**WORK INSTRUCTIONS**
Copy without pictures. Please restate each line of the listing exactly.

**DATA SEGMENT**

◆ ◆ ◆ ◆ ◆

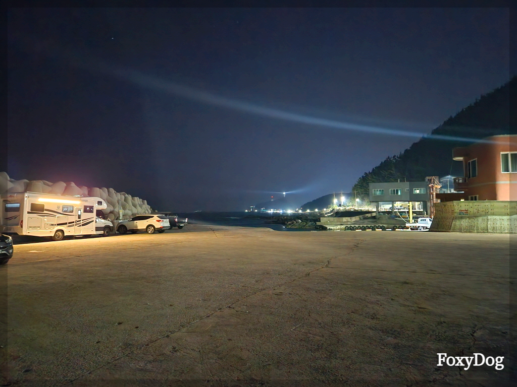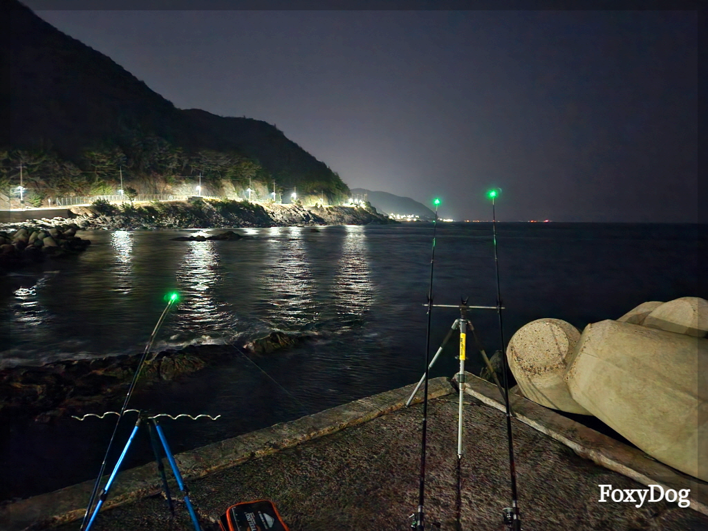 여기서 노지 캠핑을 하면서 거의 유일하게 테트라포트가 아닌 편하게 포인트를 노릴 수 있는 장소이다. 내부 정리를 마무리하는 동안 미리 낚싯대를 던져놓았다. 당시 자정이 다 된 시간이었던 것 같은데 해안 도로가 이렇게 밝았나 싶었는데 이걸 또 사진으로 담으니까 절경이다.
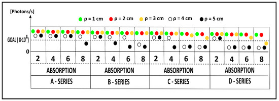 Number of photons/s for the RED wavelength, collected on solid phantoms for different values of absorption (labels 2, 4, 6 and 8: 0.07, 0. 21, 0.35, 0,49 cm−1, respectively) and reduced scattering (series A, B, C and D: 5, 10, 15 and 20 cm−1, respectively) with different source-detector distances ρ (different colors). In the figure, the count rate necessary to obtain a CV < 1% is shown as well.
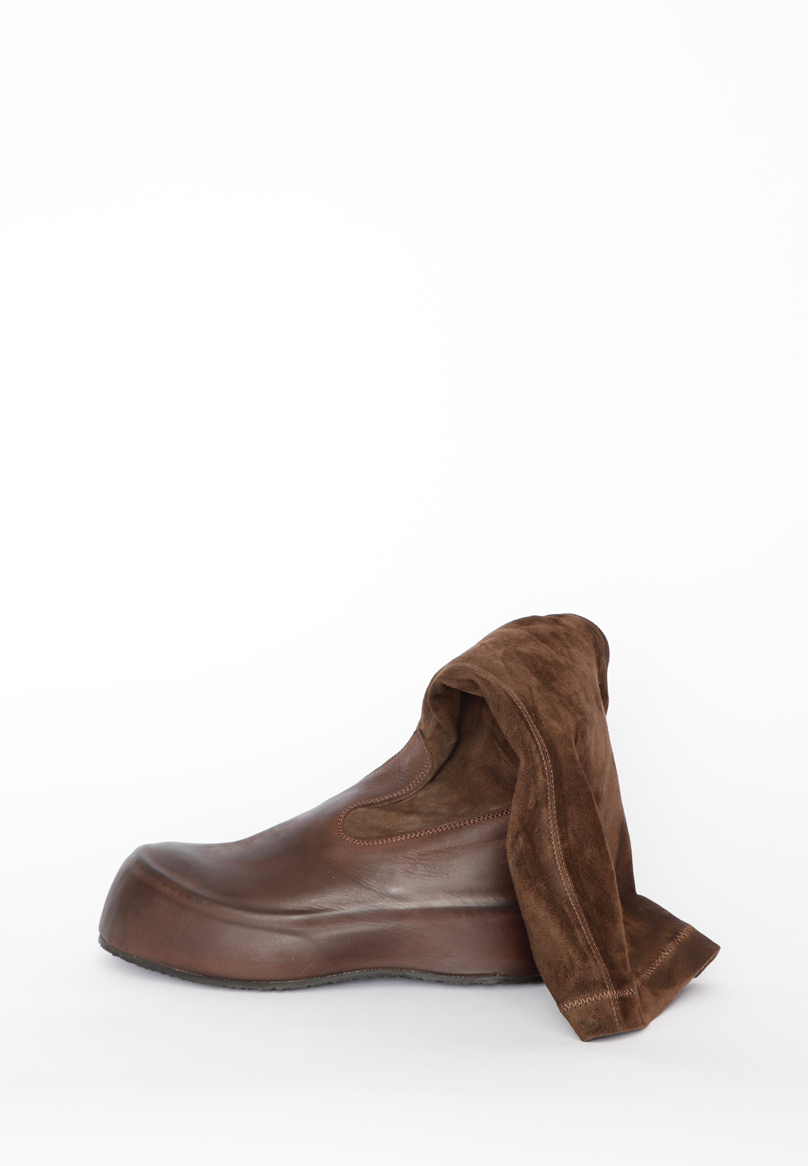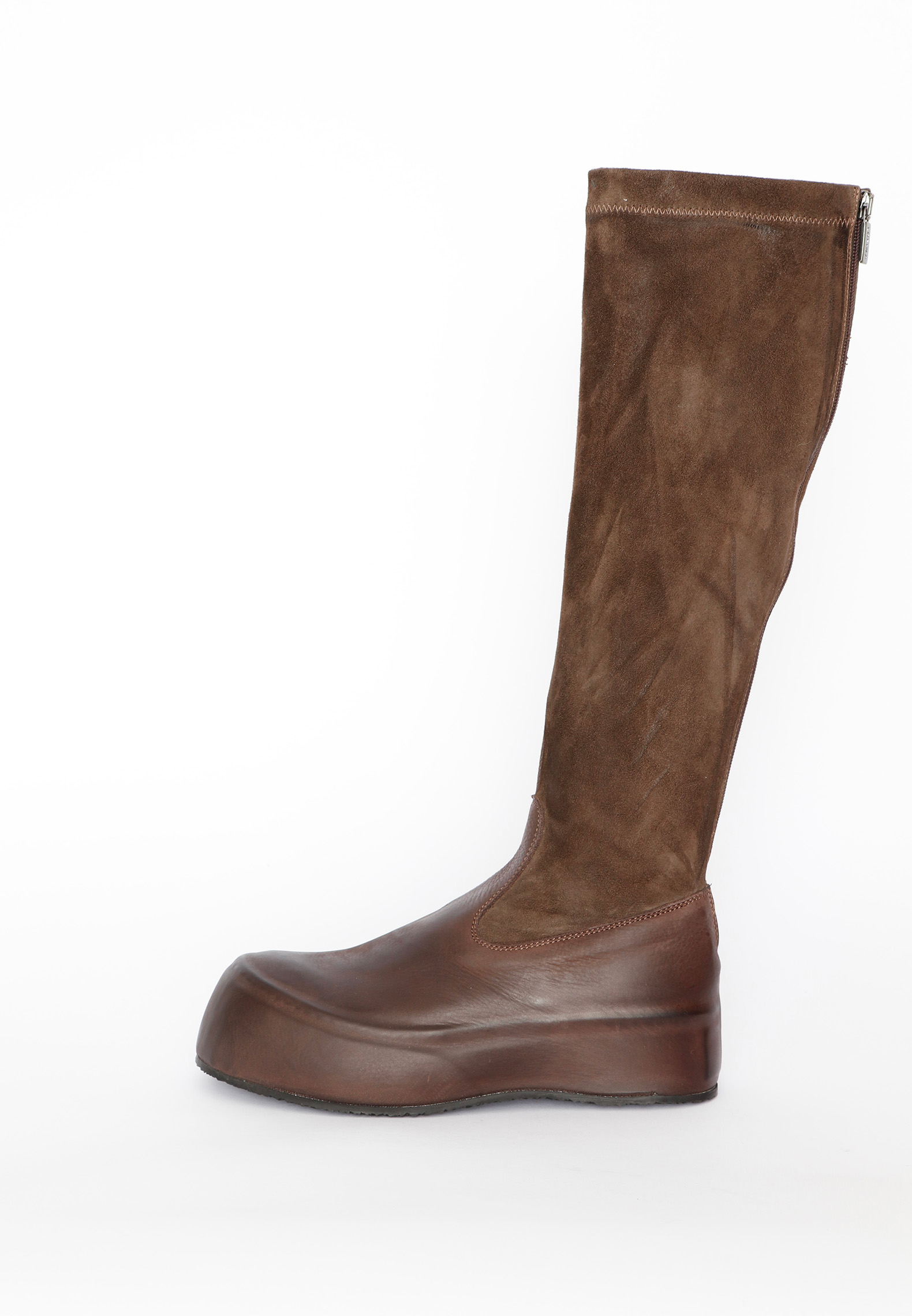 Lang strækskindsstøvle i mørkebrunt ruskind med lynlås. Støvlen kommer også på lager i andre farver, dog ikke til pre order. Style eksempelvis støvlen med et par 3/4 skindbukser som vist på billedet.
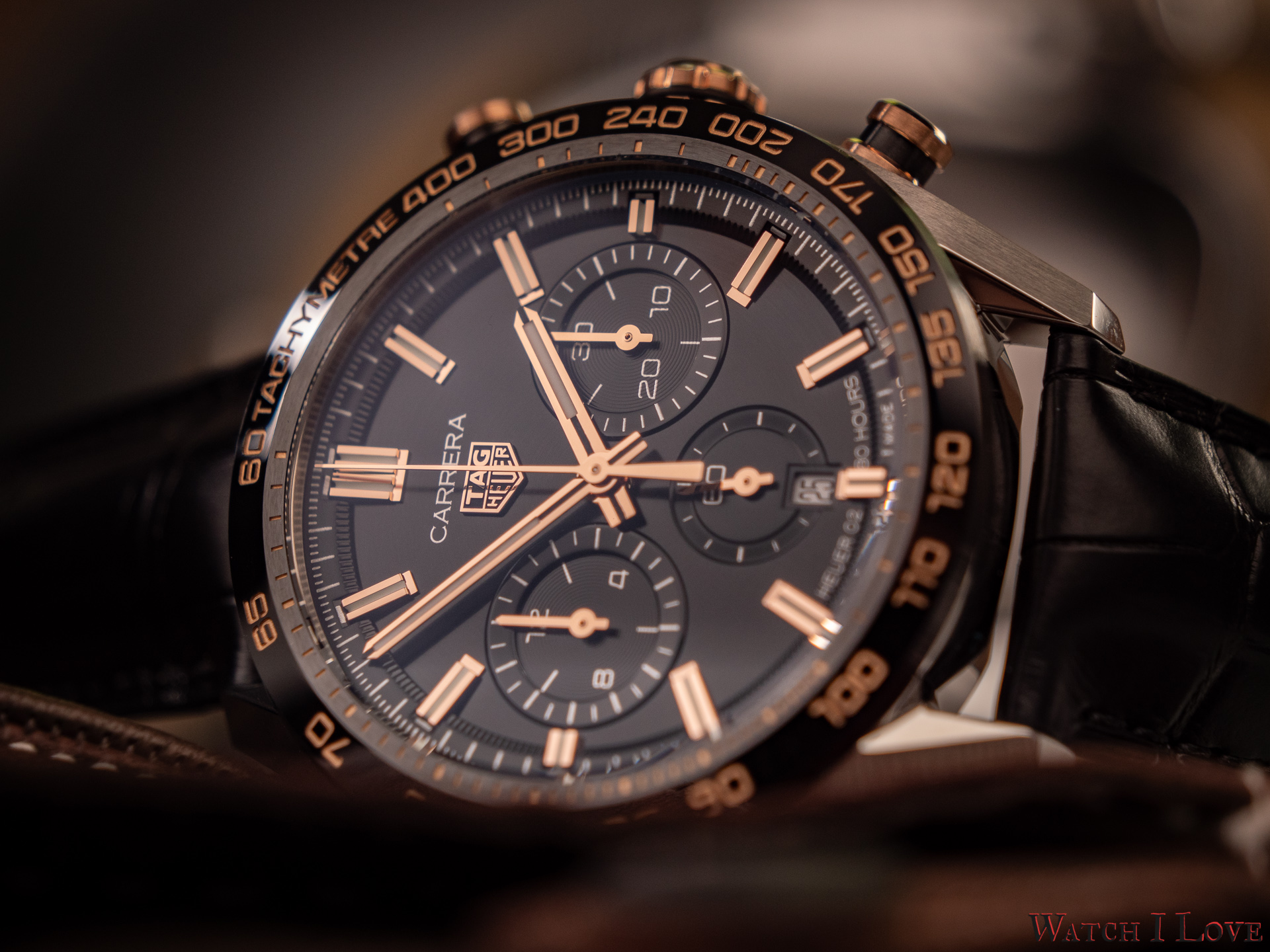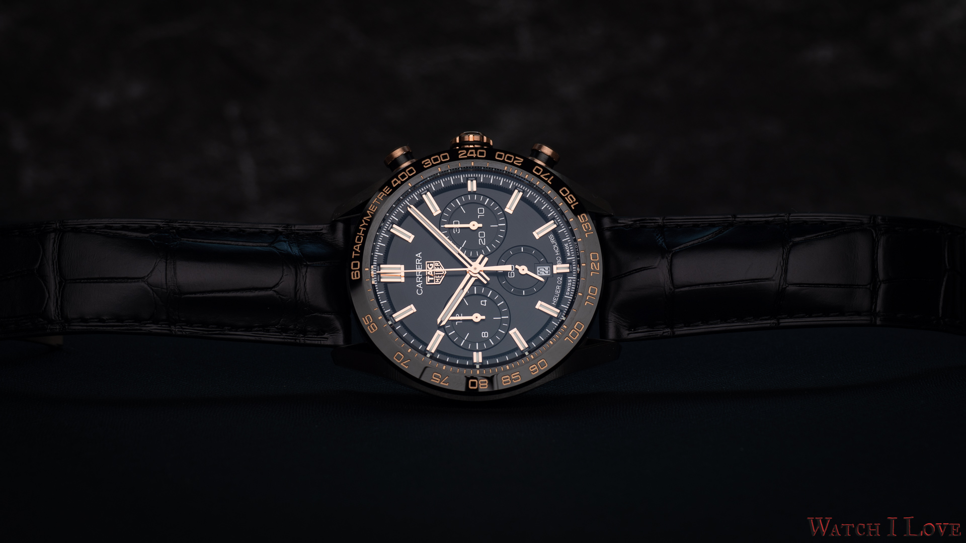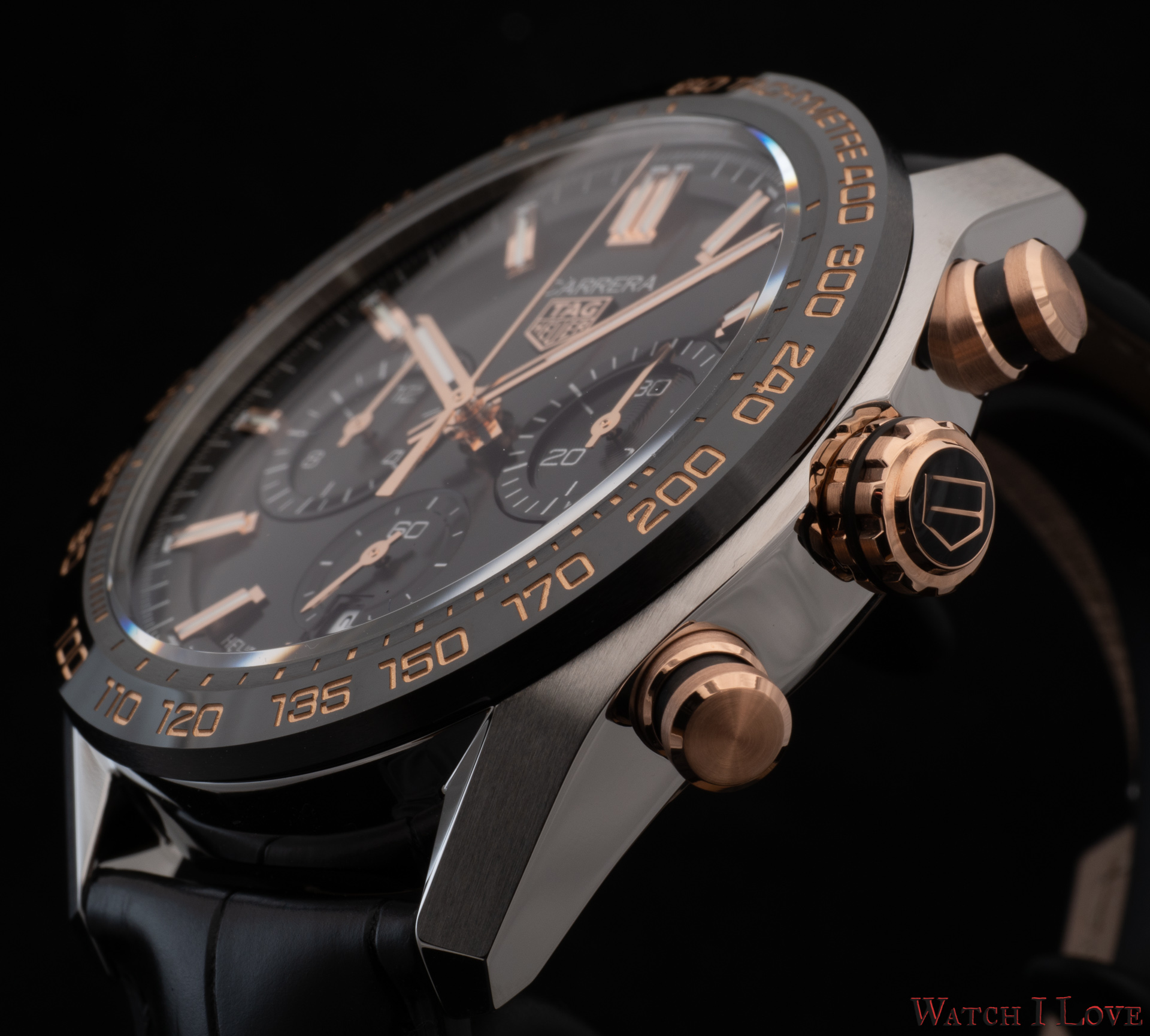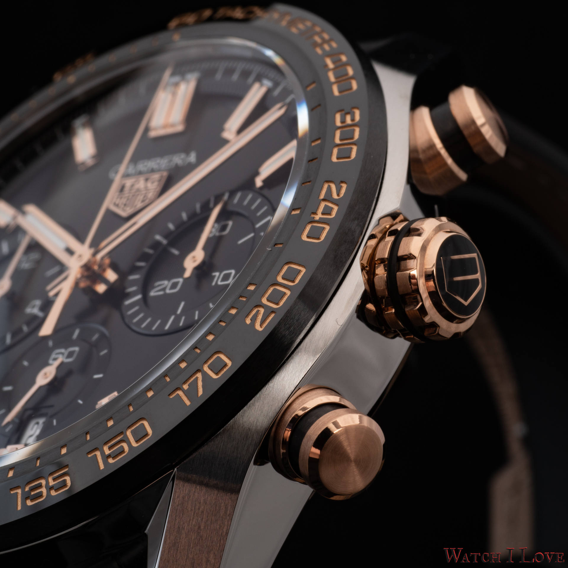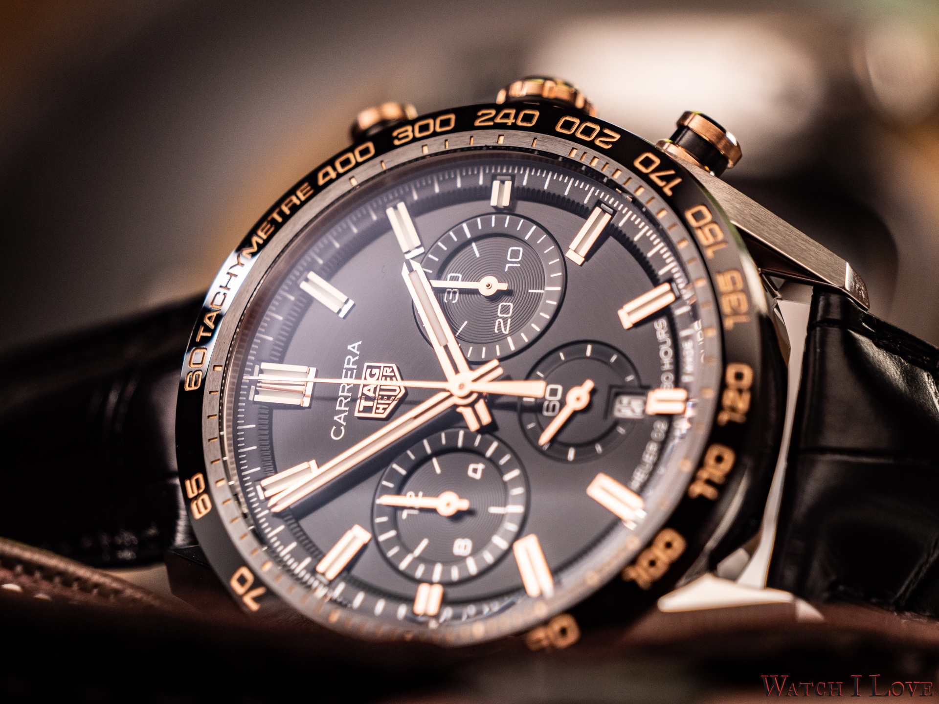 The TAG Heuer logo predominates the upper side of the dial. The 18K 5N rose gold plated piece looks outrageously good on the very fine circular brushed black background of the dial.

◆ ◆ ◆ ◆ ◆

**TASK RESULT**
 여기서 노지 캠핑을 하면서 거의 유일하게 테트라포트가 아닌 편하게 포인트를 노릴 수 있는 장소이다. 내부 정리를 마무리하는 동안 미리 낚싯대를 던져놓았다. 당시 자정이 다 된 시간이었던 것 같은데 해안 도로가 이렇게 밝았나 싶었는데 이걸 또 사진으로 담으니까 절경이다.
 Number of photons/s for the RED wavelength, collected on solid phantoms for different values of absorption (labels 2, 4, 6 and 8: 0.07, 0. 21, 0.35, 0,49 cm−1, respectively) and reduced scattering (series A, B, C and D: 5, 10, 15 and 20 cm−1, respectively) with different source-detector distances ρ (different colors). In the figure, the count rate necessary to obtain a CV < 1% is shown as well.
 Lang strækskindsstøvle i mørkebrunt ruskind med lynlås. Støvlen kommer også på lager i andre farver, dog ikke til pre order. Style eksempelvis støvlen med et par 3/4 skindbukser som vist på billedet.
 The TAG Heuer logo predominates the upper side of the dial. The 18K 5N rose gold plated piece looks outrageously good on the very fine circular brushed black background of the dial.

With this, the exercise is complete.